XIV-АН №561022
Первый спектакль Виктор Шамиров поставил на самой большой площадке страны – в Театре армии, показав зрителю ее изнанку. Второй – на самой маленькой сцене Москвы, в театре-студии «Человек». Он ставил собственные пьесы, одну из них выдав за переводную, другую подписав псевдонимом. Играл Треплева в «Чайке». Делал коммерческую постановку для Татьяны Васильевой. Сейчас ставит в Театре Станиславского «Маскарад» с Сергеем Шакуровым. Каким будет спектакль, невозможно предсказать. Шамирову тридцать пять, но он никогда не повторяется. С режиссером, который может все, беседовала Елена Ковальская. Фото Сергея Леонтьева.
– Шакурова публика знает, тебя нет. Но за тобой стоят успешные коммерческие спектакли. Кого Театр Станиславского позвал первым – тебя или Шакурова?
– Шакуров предлагал «Маскарад» еще до того, как я появился. И для директора удачно сошлись моя готовность ставить эту пьесу и желание Шакурова. Но я в данном случае не создаю спектакль, а обставляю актера.
– Шакуров не подчиняется?
– Нет, он готов разбирать, пробовать, но когда дело доходит до сцены, он делает то же, что делал и до того. Поэтому я не могу сказать, что это мой спектакль, – там нет моего лица, и дай бог, если там останется мой здравый смысл.

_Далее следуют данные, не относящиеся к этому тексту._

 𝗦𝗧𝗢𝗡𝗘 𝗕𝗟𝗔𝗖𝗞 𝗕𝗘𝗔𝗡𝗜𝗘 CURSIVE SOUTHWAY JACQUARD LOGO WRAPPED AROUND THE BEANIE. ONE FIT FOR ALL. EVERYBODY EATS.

– Что значит «нет моего лица»? Я вот твоего лица совершенно не знаю – слишком разные спектакли. Когда ты в «Дон Жуане» усадил публику на вращающийся круг сцены и раскрутил его, ты же совершенно вскружил ей голову. Мог бы работать с этим атракционом еще года три.

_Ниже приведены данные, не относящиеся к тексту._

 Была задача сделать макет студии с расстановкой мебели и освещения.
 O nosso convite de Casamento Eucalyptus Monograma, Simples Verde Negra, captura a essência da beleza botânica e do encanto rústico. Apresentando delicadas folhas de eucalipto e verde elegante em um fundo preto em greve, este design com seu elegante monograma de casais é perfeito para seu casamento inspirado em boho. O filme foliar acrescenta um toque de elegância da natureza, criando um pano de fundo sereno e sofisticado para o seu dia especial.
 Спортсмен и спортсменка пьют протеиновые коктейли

– Три четверти впечатлений от «Дон Жуана» – это здание, которое я показал. Театр армии – это же адова дыра какая-то, и я людям показал его с разных сторон. Вот и все. А пьеса «Дон Жуан» каким-то образом с этим совпала. В «Маскараде» не будет моего нынешнего лица. Вообще-то, моего лица давно уже нет.

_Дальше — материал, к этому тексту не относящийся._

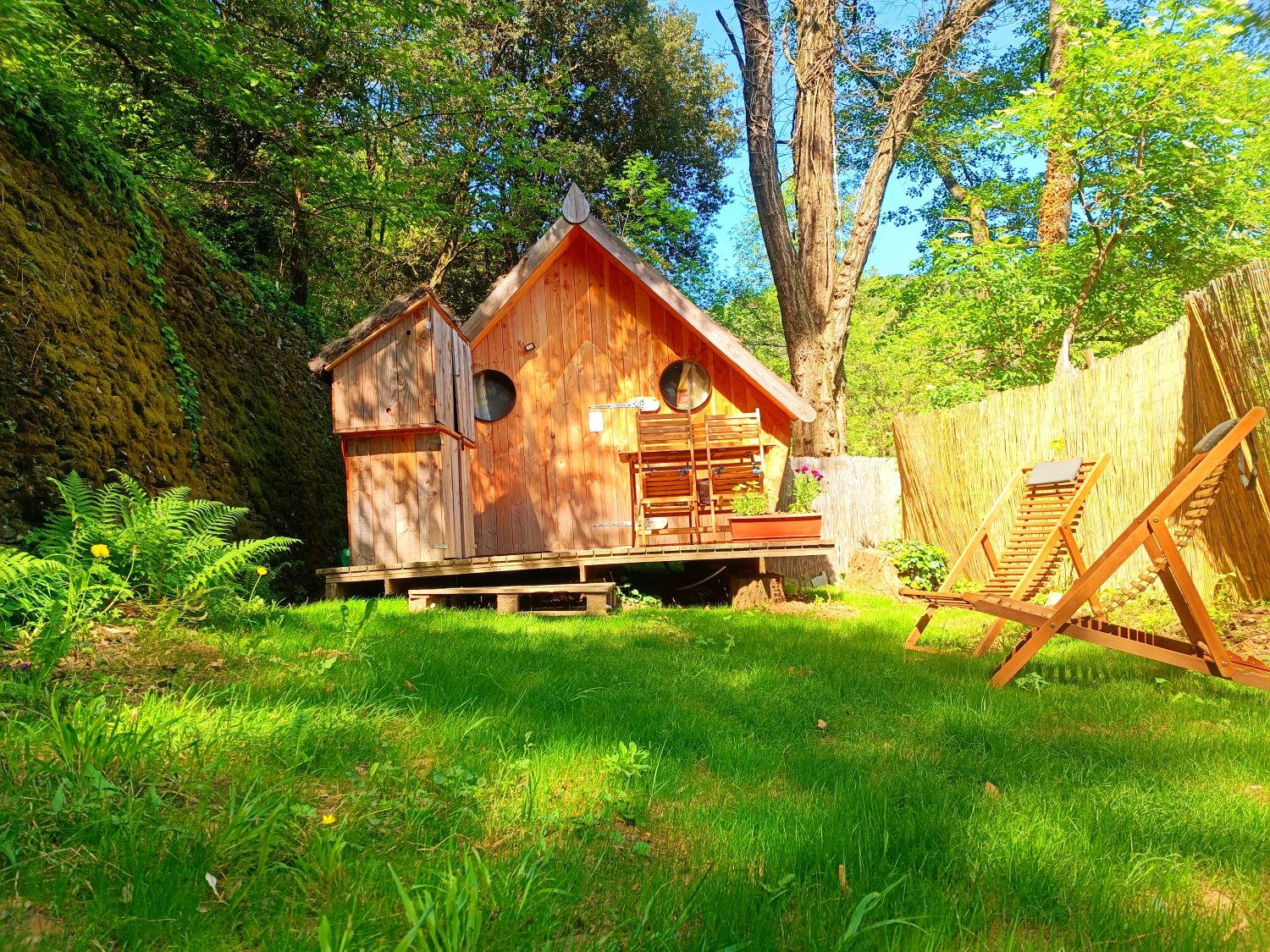 La cabane Comballe est perchée sur une terrasse Cévenole, pour une intimité totale, idéale pour les couples ou les familles. Ce modèle surplombe le camping, l’accès se fait par un petit chemin en pente sur quelques mètre. Elle offre beaucoup de confort avec toilette et douche, 2 lits dans l’entrée et une chambre parentale au fond avec un grand lit en 160, avec matelas confort en latex. En terrasse vous profitez d’une cuisine d’été et d’un salon de jardin (réfrigérateur, gaz, ustensiles de cuisine, cafetière à piston…). L’accès à la rivière du Luech se trouve à quelques pas de votre logement insolite.

– Это ты так кокетничаешь?
– Мне нравится, что всякий раз я делаю разное, но есть вещи, которые делаю я, а есть вещи, которые делают меня. И у меня полно таких спектаклей, к сожалению.
– Это означает только то, что у тебя репутация человека, который сделает хорошо.
– То есть сделает «крепкий спектакль». Некоторые утверждают, что раз уж ты этим занимаешься, то так и надо всю жизнь. Я в этом не уверен. Сейчас я хочу в Театр Станиславского взять вещь, которая может быть сделана только бескомпромиcсно. Это «Ворон», сказка Гоцци. Ее нельзя поставить просто так, она требует части меня, и я не возьму туда ни одного известного артиста.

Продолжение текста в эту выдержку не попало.